И то верно. Умирать не хочется. Жизня-то лучше ноне стала, не то, что раньше. Зажились, хлеба вдоволь. У кого силушка-то есть, вон как разбогатились.
Взглянула на меня долгим добрым взглядом:
— Вот и ты крестьянствовал бы, как твой отец. И мне жилось бы милей. С детками твоими сидела б. Так нет, всё холостуешься. Это не дело. После себя надо оставлять потомство. Иначе жизнь человеческая на земле закончится.
— Да как-то не получается, — ответил я.
— Не выдумывай. Вон, сколько девушек-то одиноких ходит. И все красивые. А тебе всё нет да не та. Плохо, Коленька, что один. И до каких пор? Лучшие годы уйдут...
Бабушка говорила и говорила, и сожалела, что нет у меня жены, которую хотела б увидеть. «Но вряд ли? Не доживу я, видно».
Она тяжело вздохнула.
— Уж, ладно бы, урод был бы какой-то. А это большой, красивый, весь в отца. Посмотрел бы да полюбовался... — При этих словах бабушка, как  всегда, дрогнула голосом и с пронзительной грустью глянула в мои глаза — не запомнил, поди, его, мал был, когда он ушёл на фронт.
На сей раз она не плакала.
— Жизня-то какая была бы! Как бы жили!.. — сожалела бабушка. — Но его нет. А меня, вот, Бог не прибирает. Путаюсь среди людей-то.
— Что ты, родная, говоришь? Никому ты не мешаешь.
— Да Богу-то видней. Грешна, видно, не нужна ему. Да ведь могилку-то не отведёт Господь Бог — не ляжешь. Наверно, скоро... Только бы не зимой.
Я удержался от пустых, утешительных слов, видя, как бабушка снова крестится.
— И за тебя всегда молюсь, Коленька. — Подошла и погладила меня по голове. — Прошу Бога, чтоб хранил тебя от бед и болезней.
— Поэтому я и здоров, и сильный.
— Худой только какой-то, как погляжу на тебя. — Щёки на пещеры похожи, провалились. Плохо питаешься?
— Нормально питаюсь.
— Если б нормально, не был бы худой, а так — только кости да кожа. Денег-то хватает ли? А то я дам.

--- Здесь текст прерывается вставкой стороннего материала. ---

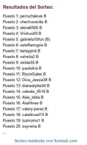 Lista de participantes: gabriela10fun (B), Anethvero B, Vrichuu09 B, AlaiHines B, zab32 B, taeilor B, Lolarokera4 B, zoyreina B, luzmomo1 B , ostrelia2 B , catalinus415 B , paulaliria B, zafirogatubela B, perruchalove B , valery-perez B , VICKYBALDI B, PrincesaLorenit B , glind B, dianastyles04 B, Emely4849 B , Diva_Jessie38 B, celeste_0516 B, Starlight124 B, ositas55 B, phergie…. B , betsypink B, chechucecilia B, karlianysuper B, Alex_lolita B, elena0505 B, famosaaares B, RocioGales B, DivaTaylor-9 B, Cecilia.59 B, Sabdi_Galindo B, Lolalaamorosa3 B , Bridgitmend1er B, Joanitha2 B, esteffannypie B.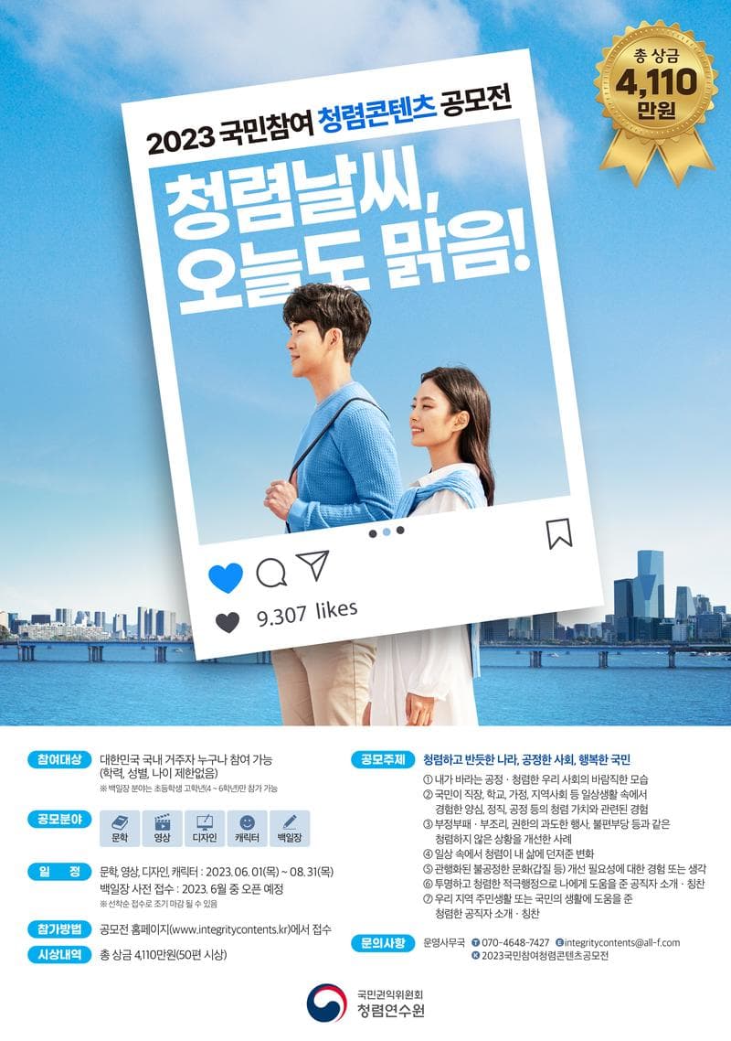 ● 공모 주제 ▶ 청렴하고 반듯한 나라, 공정한 사회, 행복한 국민 - 내가 바라는 공정·청렴한 우리 사회의 바람직한 모습 - 국민이 직장\, 학교\, 가정\, 지역사회 등 일상생활 속에서 경험한 양심\, 정직\, 공정 등의 청렴 가치와 관련된 경험 - 부정부패·부조리\, 권한의 과도한 행사\, 불편부당 등과 같은 청렴하지 않은 상황을 개선한 사례 - 일상 속에서 청렴이 내 삶에 던져준 변화 - 관행화된 불공정한 문화(갑질 등) 개선 필요성에 대한 경험 또는 생각 - 투명하고 청렴한 적극행정으로 나에게 도움을 준 공직자 소개·칭찬 - 우리 지역 주민생활 또는 국민의 생활에 도움을 준 청렴한 공직자 소개·칭찬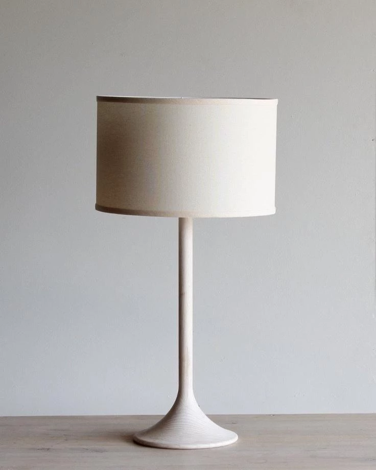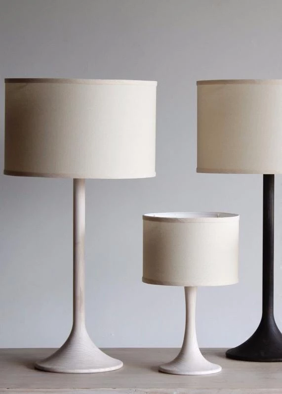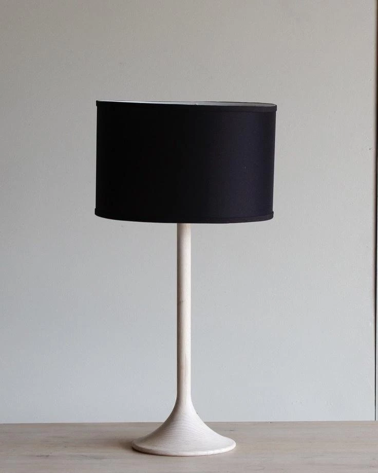 With its minimal yet sophisticated look, the Trumpet table lamp is a versatile piece for your living room, end table or credenza. The lamp is handmade from solid oak, with cork fitted to the base to prevent any surface scratching. The lamp features a decorative brown twisted cloth wire cord with a round Bakelite vintage inspired plug. Choose a fabric shade in black or ivory. Made in the USA.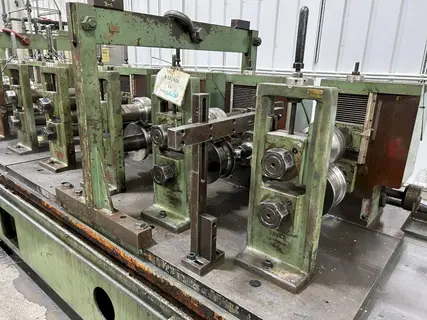 SERIAL ...................................... Y10498-0905 MODEL ....................................... M3 YEAR ........................................ 1995 NUMBER OF STANDS ............................ 16 SPINDLE DIAMETER ............................ 3" ROLL SPACE .................................. 18" HORIZONTAL DISTANCE BETWEEN SPINDLE ......... 24" DISTANCE BASE TO CENTER OF LOWER SPINDLE .... 10" MIN VERTICAL CENTER DISTANCE BTWN SPINDLES .. 5-1/2" MAX VERTICAL CENTER DISTANCE BTWN SPINDLES .. 9" EQUAL GEARED ................................ YES RAFTED ... YES VARIABLE DRIVE MOTOR ........................ 75 HP |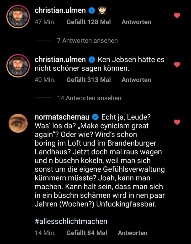 Elyas M’barek, Nora Tschirner und Christian Ulmen haben sich übrigens auch geäußert. Allerdings nur per Kommentar bei ihren Kollegen.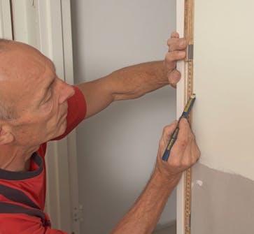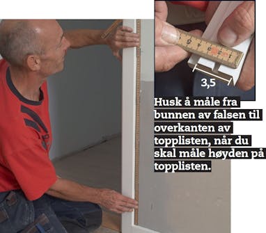 Mål opp, slik at du kan skjære til veggpanelene. Høyden på panelplatene finner du ved å måle fra oversiden av fotlisten til ferdigmarkeringen, og deretter trekke fra topplisten.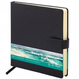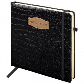 Скетчбук для графики и маркеров, "БРИСТОЛЬ" 200 г/м2, 195х195 мм, 32 листа, КОЖЗАМ, BRAUBERG ART PREMIERE, Черный, 115100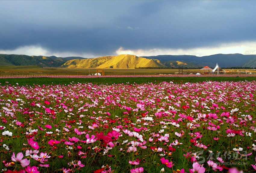 干凈、壯闊、深邃,藍(lán)天白云下,金露梅、波斯菊、峨眉薔薇……數(shù)十種花朵競(jìng)相盛放、爭(zhēng)奇斗艷,一陣細(xì)風(fēng)過(guò)后,群花緩緩搖擺,散發(fā)著縷縷清香。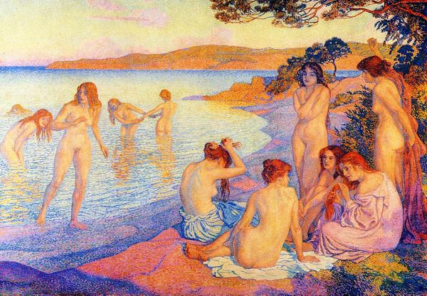 Curator: Let’s turn our attention to "Urteil Des Paris" ("Judgement of Paris") a painting attributed to Eduard Veith. What strikes you initially about this oil on canvas? Editor: A definite air of melancholy hangs over it. Even the lush landscape seems muted. Paris, especially, looks burdened by the choice before him. There's also an element of theatricality that suggests the painting wants to examine how judgements, beauty standards, and moral conflicts get mediated. Curator: Interesting. This work brings into focus the myth of the Judgement of Paris. Veith seems interested in how the visual tropes of Romanticism shape the narrative. Consider how classical myths are continuously revisited in the arts; it almost seems that Veith, painting towards the later part of Romanticism, uses the established landscape elements in order to talk about that tradition itself. The style situates itself and reflects on an imagined Arcadian past. How might symbols enhance our appreciation? Editor: Absolutely. A key symbol for me is that rather quizzical fox. A motif, for one, and a creature associated with cunning. Does it signify Paris’s inner turmoil, maybe the wisdom—or the deceit—needed to make his impossible choice? And the apple itself! A symbol of discord, yes, but also of knowledge and temptation. Here it becomes a tangible representation of moral consequence and self-determination. I notice how, of course, the Goddesses await that fateful selection with anxiety. This is such a clear, traditional image of looming and often unfair judgement of women’s appearances by powerful (and, in this image, distinctly bored-looking) men. Curator: Your reading brings another perspective to the interplay of social norms within mythological settings, highlighting themes of responsibility and self-awareness within the historical context of representation. Ultimately the piece engages its own past by considering that social critique as the story is literally told. Editor: I find myself reflecting on how the enduring power of mythological imagery provides a kind of mirror to our contemporary social preoccupations with judgements and standards, the costs of choosing and being chosen. Curator: Indeed. This invites us to view the artwork less as a mere historical artifact and more as an ever-relevant tableau of choice and consequence, a reminder perhaps of art’s constant negotiation with its traditions.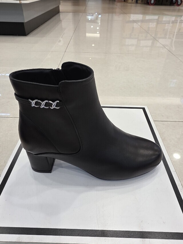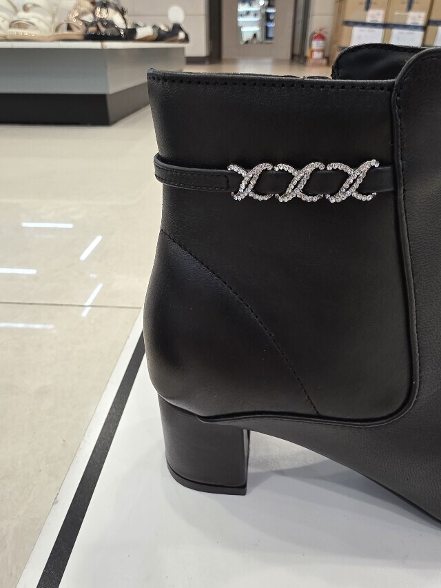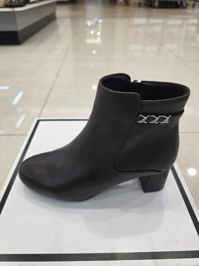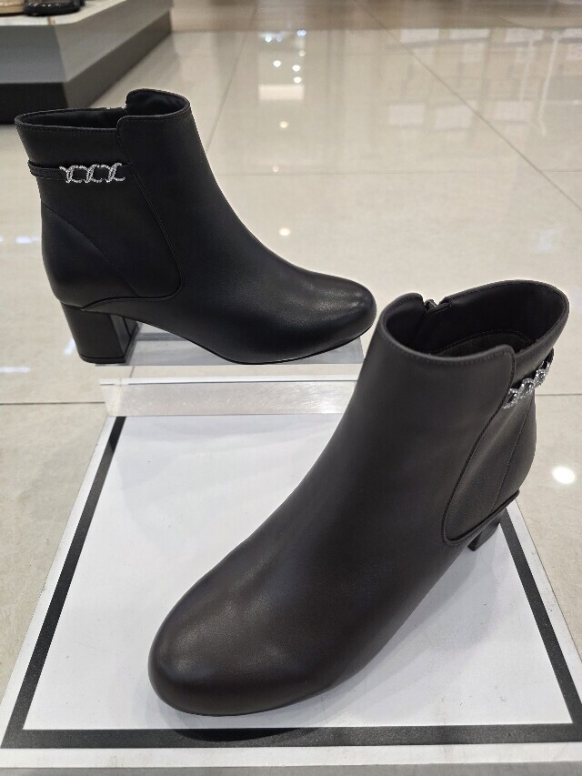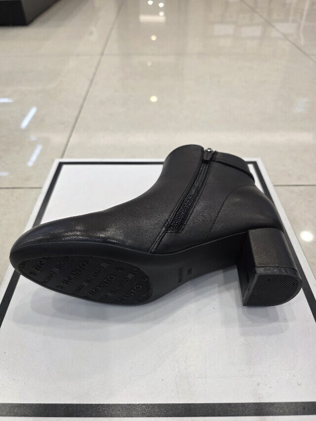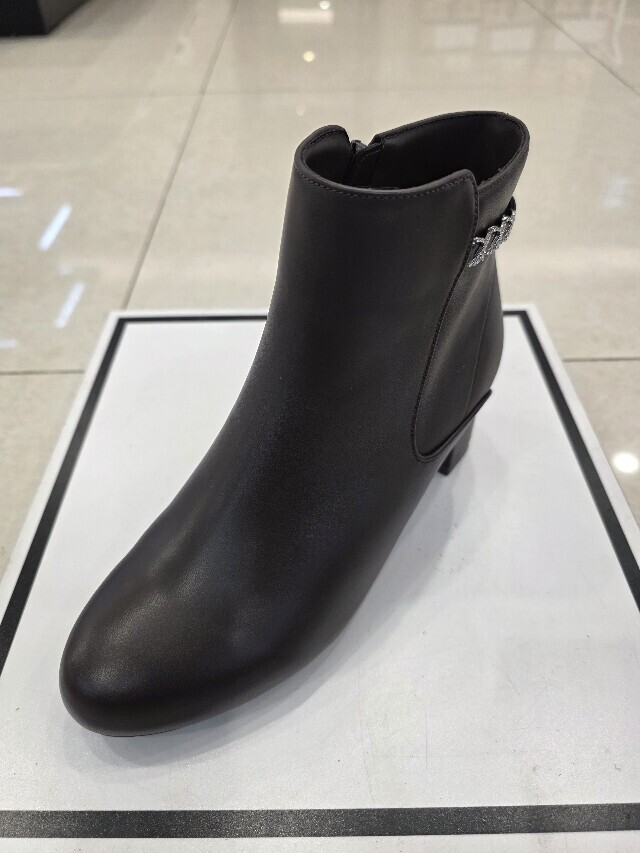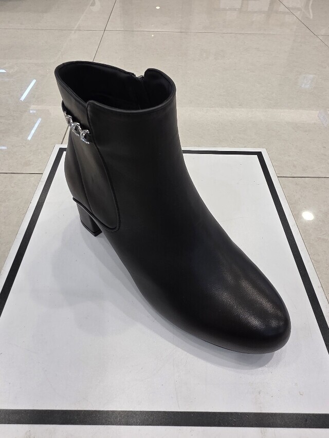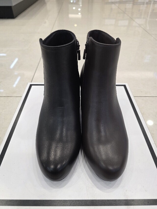 굽높이 약5cm의 높이에 천연염소가죽소재를 사용하여 제작된 여성 베이직 앵클부츠입니다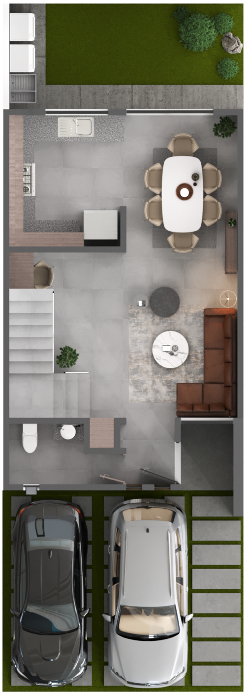 Tu espacio perfecto de tres recámaras te espera. Este hogar ha sido diseñado para tu comodidad, con una amplia sala, cocina equipada con cubierta de granito, comedor y área de lavado. Las recámaras cuentan con closets para una mejor organización. Disfruta de un acogedor jardín interior y la conveniencia de dos cajones de estacionamiento, además de dos baños completos y un medio baño.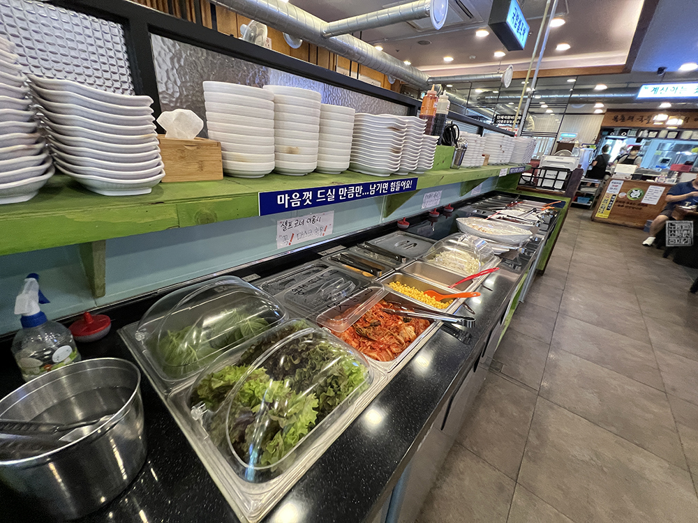 목촌 돼지국밥은 원래 국밥을 주문하면 기본적인 반찬을 국밥과 함께 받아볼 수 있었지만, 현재는 반찬을 셀프바에서 직접 가져와야 하는 형태로 바뀌었다. 셀프바를 본다면 떡볶이부터 시작해서 계란 프라이를 해 먹을 수 있을 뿐만 아니라 기본적인 밑반찬과 상추 등 다양한 반찬이 놓여 있어 국밥 외 다른 음식을 먹을 때도 이용하기가 좋았다.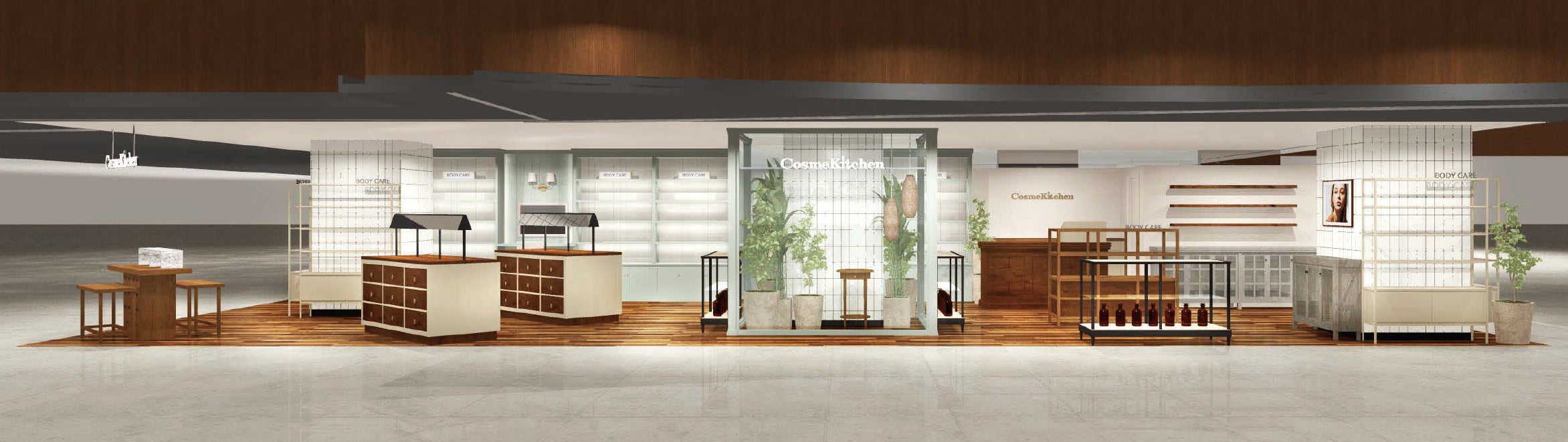 コスメキッチンのコンセプトを表現するような、淡いグリーンや白いタイルを使い、中央にショーウィンドウを配置した店内は、開放的であらゆるライフスタイルにマッチし、おひとりではもちろん、大切な家族や、友人、恋人と。様々なシーンで、お買い物をお楽しみいただけます。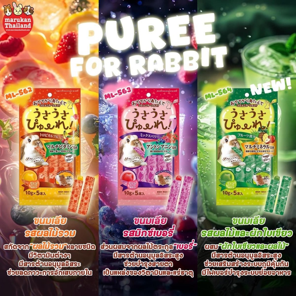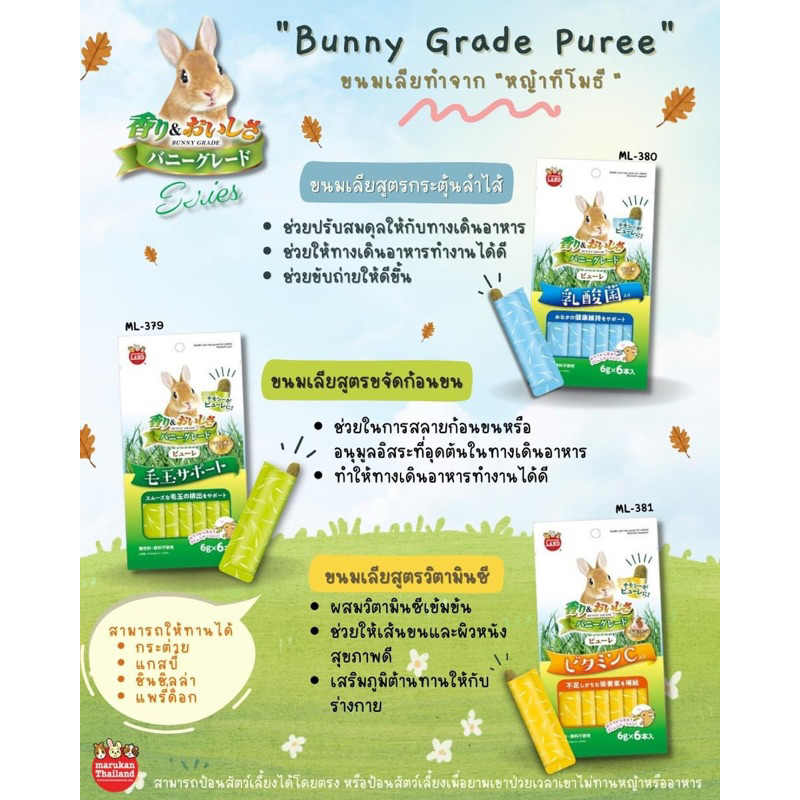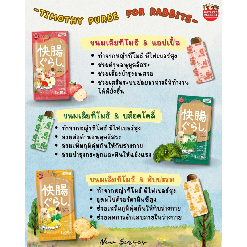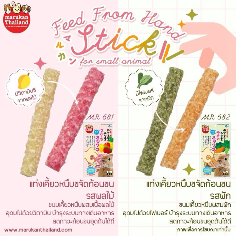 Marukan ขนมสัตว์ฟันแทะ (กลูเตนฟรี)ML-608 ทีโมธีอัดแท่ง/ML-609 อัลฟาฟ่าอัดแท่ง/ML-610 หญ้าโอ๊ตอัดแท่ง ยกถุง 60g

— Хватает, — сказал я неправду.
В кармане у меня лежала трёшка, а до получки оставалось две недели.
— Ты не стесняйся, бери.
— Нет-нет. У меня есть.
— Ну, как хошь, моё дело предложить.
Бабушка стояла и её снова слегка пошатывало.
— Ноги, Коленька, не держат. Ноги... Годков-то мне сколько! А вы все где-то далеко, пропадаете. Умрёшь — и не узнаете. Схоронят чужие...
— Не схоронят. Живи и не думай об этом.
Бабушка поправила платок на голове и тяжело вздохнула. Она опиралась  руками о стол, и многочисленные синие жилки на них походили на чернильные пятна. Бабушка была широкой кости, сухая и довольно ещё подвижная. Прошла к божнице в красном углу, достала маленькую иконку и протянула мне.
— Носи с собой. Это Николай Чудотворец — наш хранитель. Поможет в трудную минуту. И у каждого из нас есть свой ангел, только надо жить по Божьим законам, и он попросит за нас перед Всевышним. Главное, возлюби ближнего своего,  как самого себя, чтобы не оказаться в аду.
Помолчала и добавила:
— Не желай ближнему того, чего сам себе не пожелаешь. Это в Библии написано. И не гневись на Бога понапрасну, и не испытаешь тогда на себе гнева Божьего. Любить надо Его, и тогда получишь ответную любовь.
И тут спросила:
— Покойна ли твоя душа от плохих чёрных мыслей? Не тянут ли они к мерзости?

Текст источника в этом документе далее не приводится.